The contrapositive yields the test:

\(\displaystyle \text{Let}\ N\in\mathbb{Z},N>0\text{. Then}\ A^X + B^Y \not\equiv C^Z\ (\text{mod}\ N) \Rightarrow A^X + B^Y \ne C^Z\)

Of course, if we find that \(\displaystyle A^X + B^Y \equiv C^Z\ (\text{mod}\ N)\) then we cannot conclude whether or not \(\displaystyle A^X + B^Y = C^Z\).

I'm guessing that A,B,C are small enough such that "N is large" means N is greater than A,B,C. This would mean that choosing N prime implies \(\displaystyle \gcd(A,N) = \gcd(B,N) = \gcd(C,N) = 1\). I think we want this because: consider the set \(\displaystyle S=\{A^1, A^2, ..., A^{N-1}\}\).
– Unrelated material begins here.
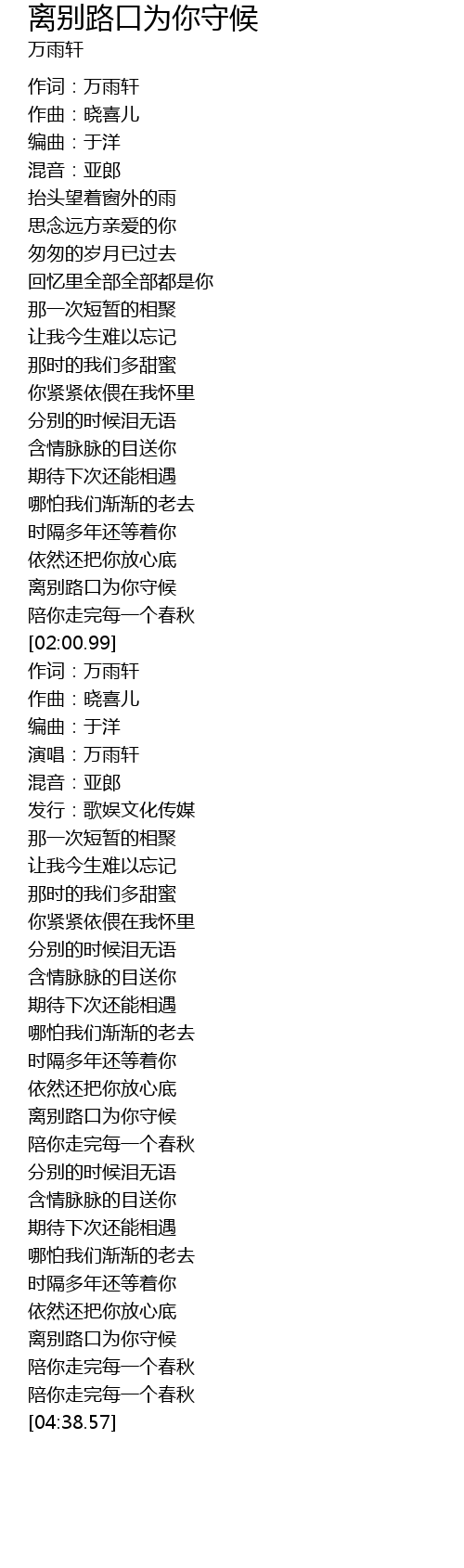| [04:13.32] | lí bié lù kǒu wèi nǐ shǒu hòu |
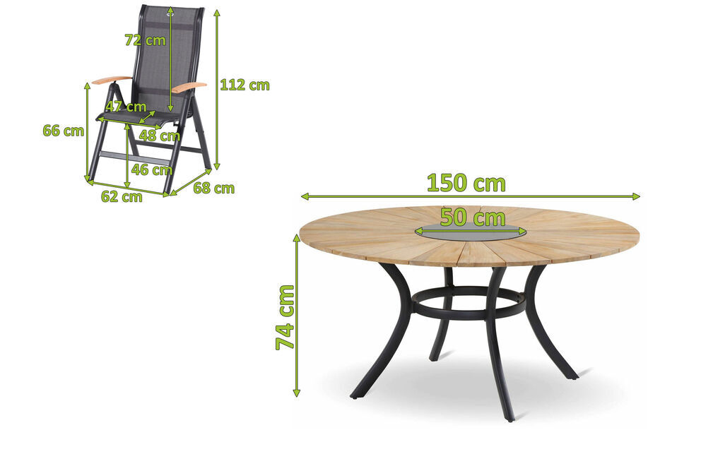 1x HARTMAN Provence Esstisch, xerix/natur, Alu/Teak, ca. Ø150cm (62299010,53385200,72601000,72150000)

If \(\displaystyle \gcd(A,N) \ne 1\) then there must be duplicates in S mod N. The number of distinct elements of S is maximized (probabilistically) for N prime. See

A046144 at OEIS; the sequence is the number of primitive roots of n. So thinking in terms of probability, choosing N prime basically increases the population size, thus giving lower probability that two randomly chosen elements add to a third element, thus giving higher probability that the test will successfully weed out false equations.

Anyone else care to validate my reasoning? I'm a little unsure.